Юрий Розин – Шеф Хаоса. Книга 1 (страница 36)
Спустился на кухню.
Витька пошел мыться следующим и я знал, что это надолго. Хотя чистюлей он никогда не был, душ любил, кажется, почти также, как вкусно поесть.
Так что у меня было предостаточно времени. Настроение после успешного рейда было отличным, как раз для чего-нибудь из классического отцовского меню. Подумав немного, решил, что это будет «Фаршеносец „Потемкин“».
Фарш тяжело шлёпнулся на разделочную доску — полкило плотного, мраморного мяса, прокрученного через крупную решётку.
Я размял его пальцами — прохладный, влажный, с жировыми вкраплениями, которые при жарке растопятся и пропитают каждую частицу. Между пальцами скользила эластичная плоть, пахнущая железом и молоком.
Потом взял две огромные луковицы.

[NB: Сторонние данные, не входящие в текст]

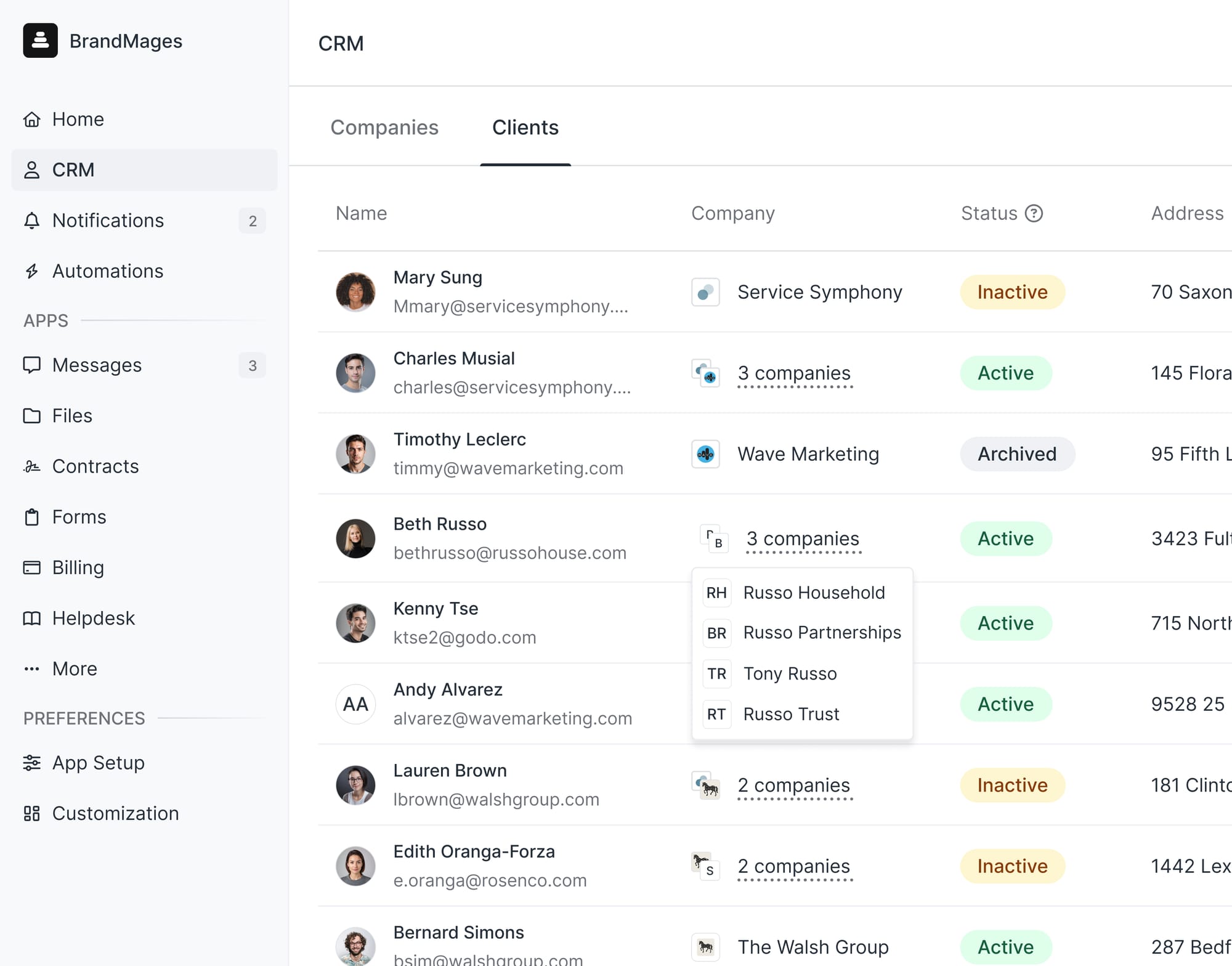 In your Dashboard’s CRM, you and other internal users can now assign up to 30 companies to a single client. You can see you clients’ companies on the Clients tab and update their company assignments in their Client Details sidebar.

Нож вошёл в мякоть с хрустом. Слёзы набежали мгновенно — едкий сок ударил в нос, защипал глаза, но я не остановился. На кухне плачут все. Вопрос — от чего. Я предпочитал от лука.
Кубики сыпались на доску ровной горкой, каждый — два на два миллиметра. Влажные, полупрозрачные, блестящие на свету, как нарезанный жемчуг.
Сковорода была чугунная, с масляной патиной, которую я копил годами. Она стояла на огне уже пять минут. Плеснул оливкового, бросил сливочного — кусочек величиной с грецкий орех рухнул в раскалённый жир, зашипел, запузырился, превращаясь в золотистую пену.
И вот тут кухня ожила. Оливковая терпкость смешалась со сливочной нежностью — и этот запах заполнил всё пространство раньше, чем я бросил лук. Просто масло. Просто сковорода. А уже хочется жить.
Лук упал — и мир взорвался шипением. Тысячи пузырьков облепили каждую грань, вырывая наружу соки. Я помешивал медленно, наблюдая, как кубики становятся прозрачными, как их края золотятся до цвета жидкого мёда.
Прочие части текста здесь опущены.